Would you transcribe exactly the lines from the beginning of the records below through the line with "Newsletter Editor ATB", both included, omitting the pictures?

Data items =>
== Segment start ==
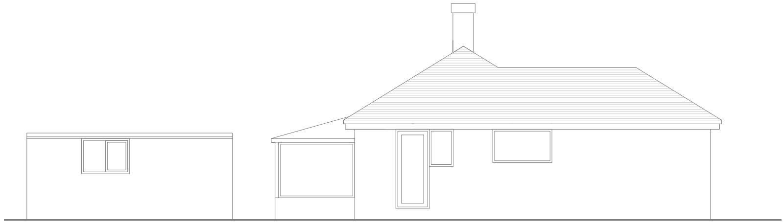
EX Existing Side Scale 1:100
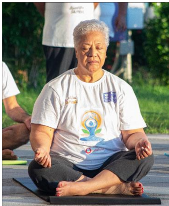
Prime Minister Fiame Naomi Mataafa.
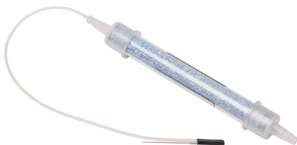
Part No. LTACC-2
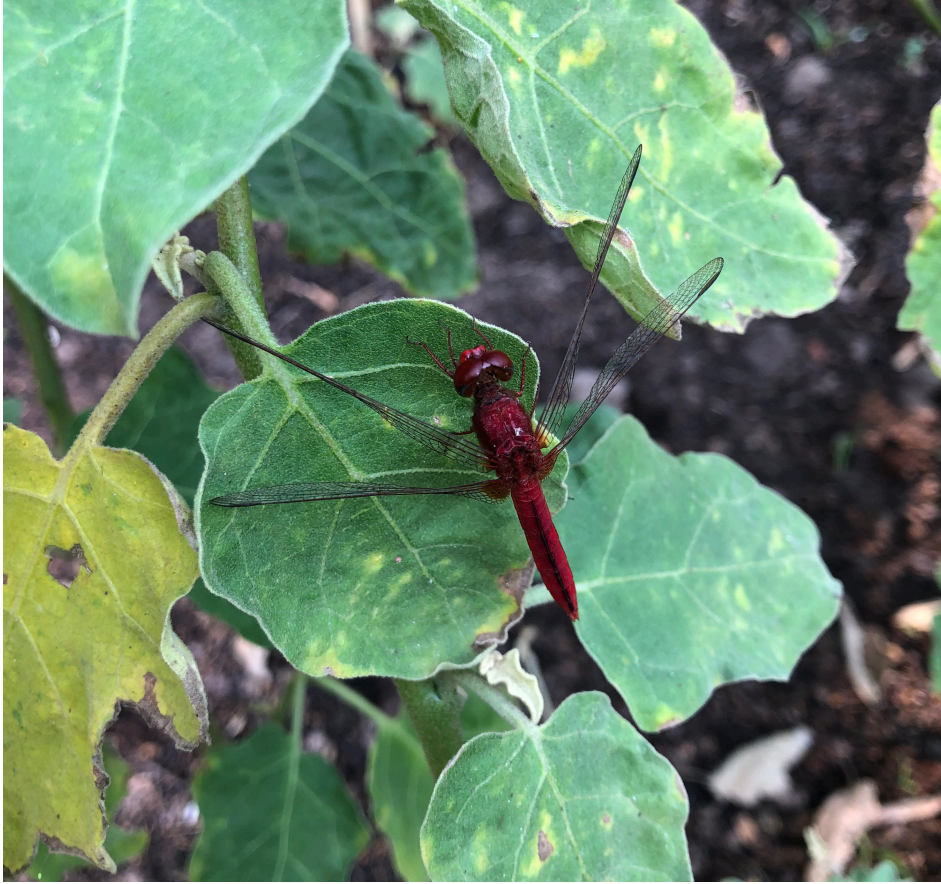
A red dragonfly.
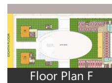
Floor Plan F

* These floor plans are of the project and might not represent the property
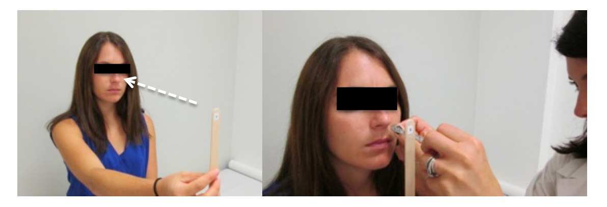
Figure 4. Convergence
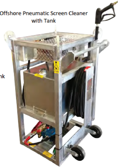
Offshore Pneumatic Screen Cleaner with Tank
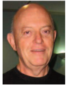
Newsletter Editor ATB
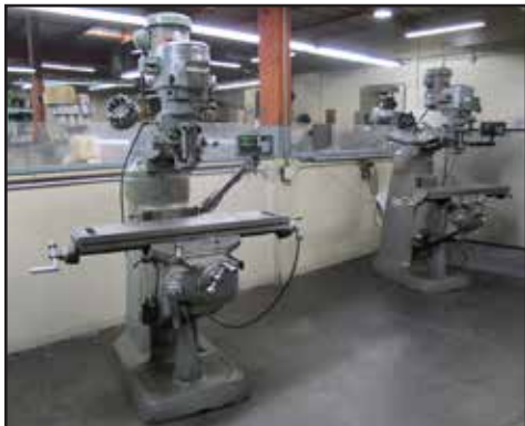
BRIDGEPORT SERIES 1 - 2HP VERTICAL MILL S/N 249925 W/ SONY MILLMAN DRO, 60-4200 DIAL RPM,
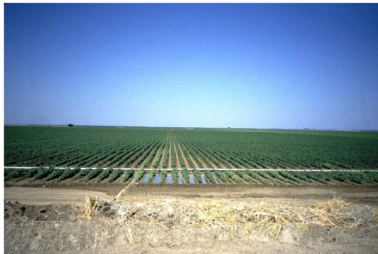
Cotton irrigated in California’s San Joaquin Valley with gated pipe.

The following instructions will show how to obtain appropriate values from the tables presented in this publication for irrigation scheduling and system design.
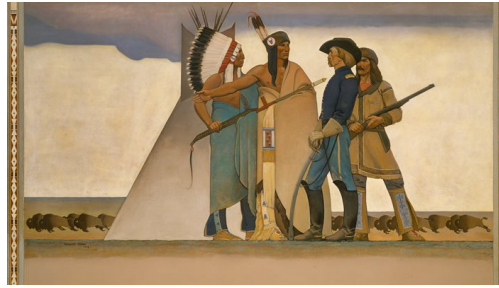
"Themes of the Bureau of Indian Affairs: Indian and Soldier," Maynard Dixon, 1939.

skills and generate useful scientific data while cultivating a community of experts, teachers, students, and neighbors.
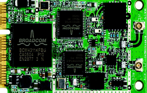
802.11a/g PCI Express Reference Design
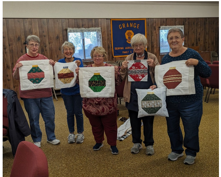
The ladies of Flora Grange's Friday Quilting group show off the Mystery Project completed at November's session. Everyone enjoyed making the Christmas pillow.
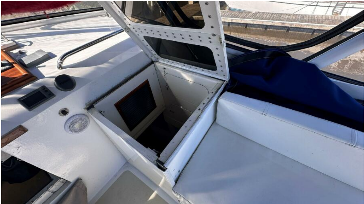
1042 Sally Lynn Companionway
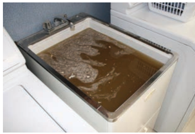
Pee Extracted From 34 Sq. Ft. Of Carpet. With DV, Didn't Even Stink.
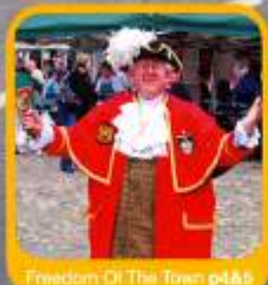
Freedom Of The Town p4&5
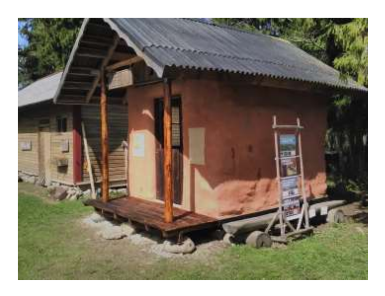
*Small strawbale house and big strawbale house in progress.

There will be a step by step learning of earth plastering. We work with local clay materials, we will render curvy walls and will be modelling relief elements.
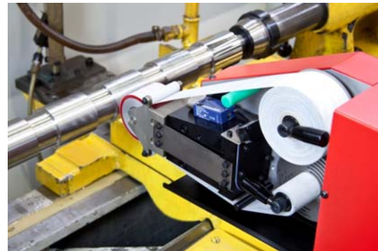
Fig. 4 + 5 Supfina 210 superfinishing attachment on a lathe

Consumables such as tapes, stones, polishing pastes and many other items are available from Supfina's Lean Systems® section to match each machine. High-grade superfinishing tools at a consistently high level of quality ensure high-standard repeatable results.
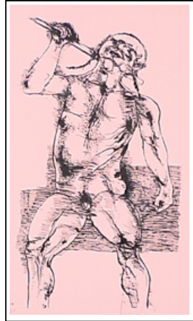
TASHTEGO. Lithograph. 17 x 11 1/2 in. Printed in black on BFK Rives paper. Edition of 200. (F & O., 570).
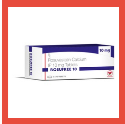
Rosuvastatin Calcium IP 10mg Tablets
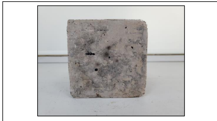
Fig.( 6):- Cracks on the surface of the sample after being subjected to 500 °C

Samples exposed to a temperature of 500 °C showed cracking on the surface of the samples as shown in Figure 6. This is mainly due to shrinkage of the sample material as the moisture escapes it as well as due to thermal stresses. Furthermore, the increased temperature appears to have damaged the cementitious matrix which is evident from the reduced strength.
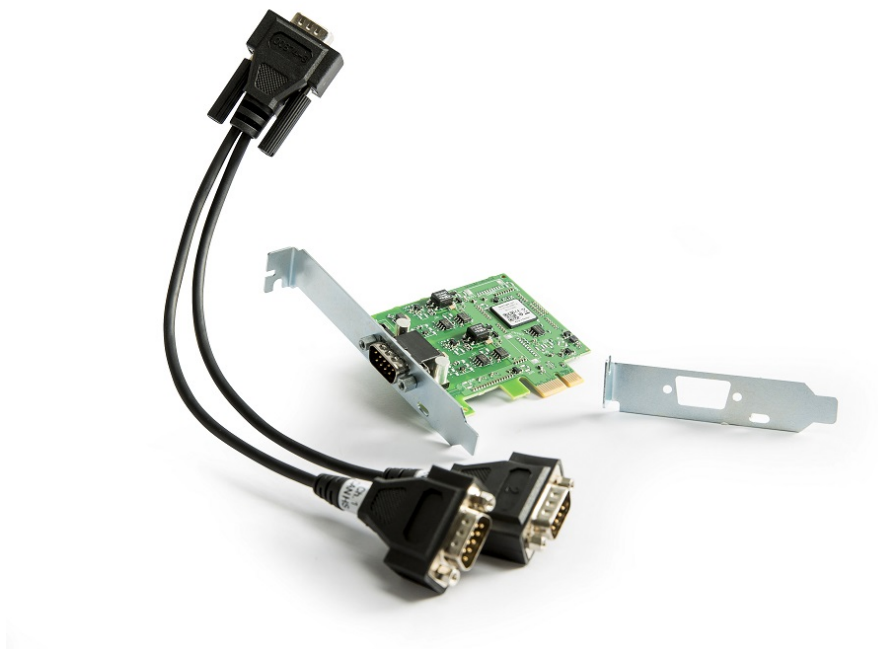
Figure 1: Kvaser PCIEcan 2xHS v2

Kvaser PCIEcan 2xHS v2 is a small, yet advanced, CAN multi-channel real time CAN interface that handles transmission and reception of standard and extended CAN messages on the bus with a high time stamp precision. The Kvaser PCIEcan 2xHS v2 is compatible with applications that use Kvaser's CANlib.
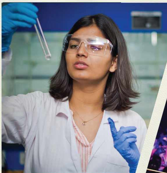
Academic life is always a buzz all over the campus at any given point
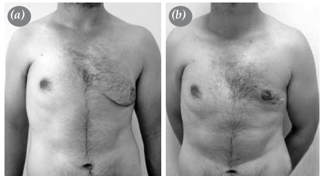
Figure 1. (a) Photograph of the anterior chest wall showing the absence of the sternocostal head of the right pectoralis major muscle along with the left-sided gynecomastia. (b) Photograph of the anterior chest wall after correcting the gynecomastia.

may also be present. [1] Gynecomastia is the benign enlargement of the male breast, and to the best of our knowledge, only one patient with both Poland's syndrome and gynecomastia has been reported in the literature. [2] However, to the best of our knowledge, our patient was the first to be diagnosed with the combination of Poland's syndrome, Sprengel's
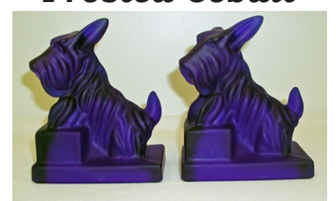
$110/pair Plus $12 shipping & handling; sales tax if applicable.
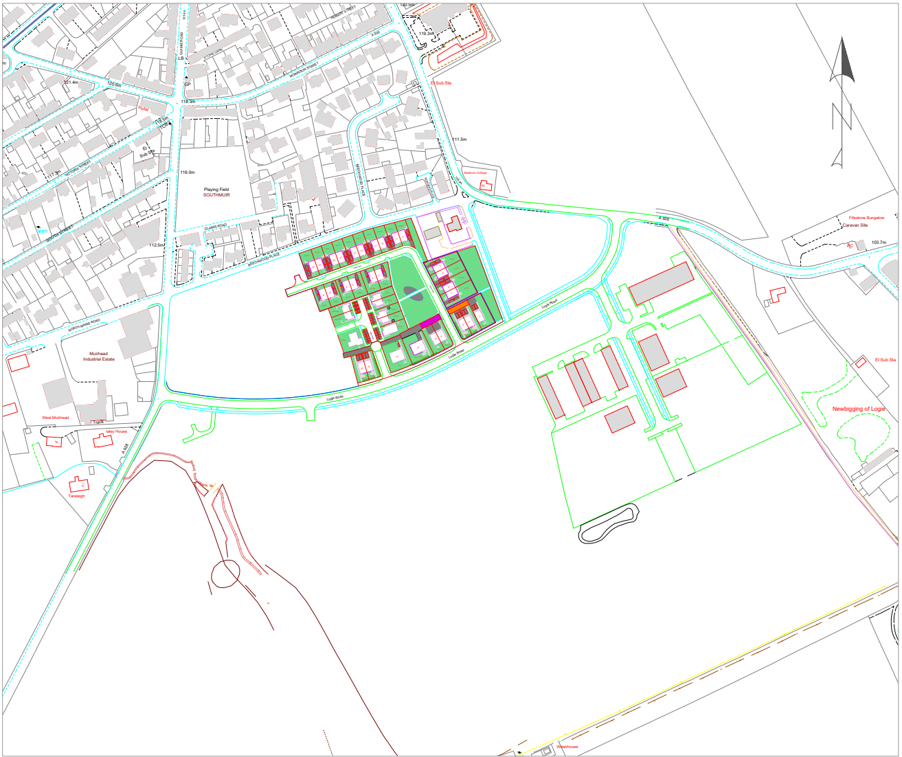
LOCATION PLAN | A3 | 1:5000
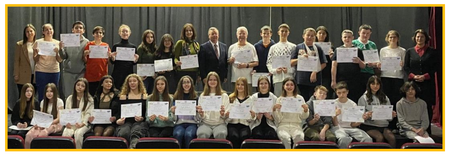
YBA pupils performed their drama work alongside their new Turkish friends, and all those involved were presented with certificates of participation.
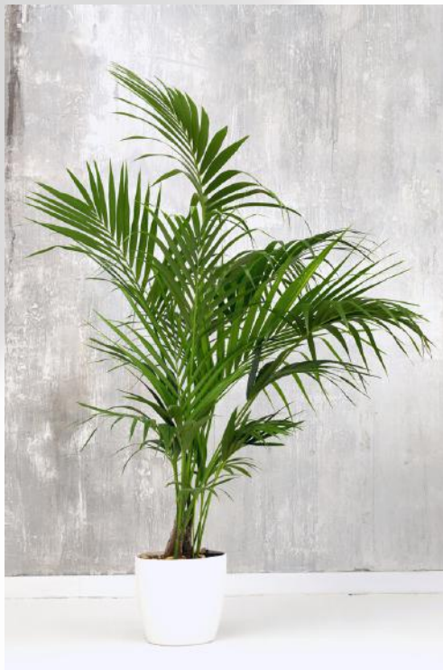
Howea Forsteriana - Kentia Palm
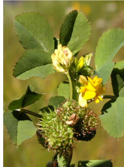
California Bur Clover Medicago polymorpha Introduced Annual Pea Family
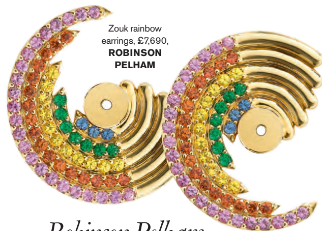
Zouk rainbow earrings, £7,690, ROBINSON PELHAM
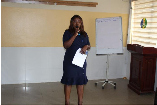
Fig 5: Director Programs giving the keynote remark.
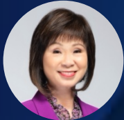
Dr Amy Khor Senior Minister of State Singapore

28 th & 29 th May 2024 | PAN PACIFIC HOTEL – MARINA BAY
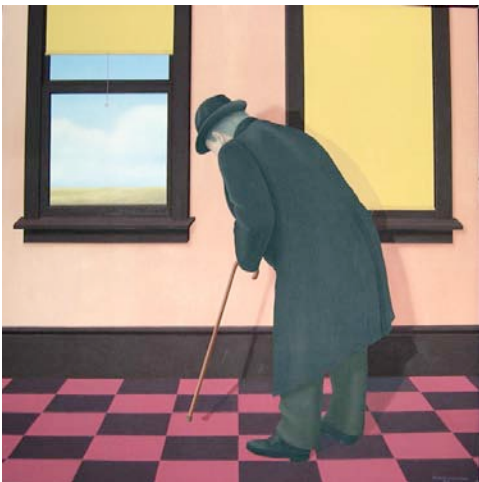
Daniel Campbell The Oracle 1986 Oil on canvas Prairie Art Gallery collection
== Segment end ==
Output for this task =>
EX Existing Side Scale 1:100
Prime Minister Fiame Naomi Mataafa.
Part No. LTACC-2
A red dragonfly.
Floor Plan F

* These floor plans are of the project and might not represent the property
Figure 4. Convergence
Offshore Pneumatic Screen Cleaner with Tank
Newsletter Editor ATB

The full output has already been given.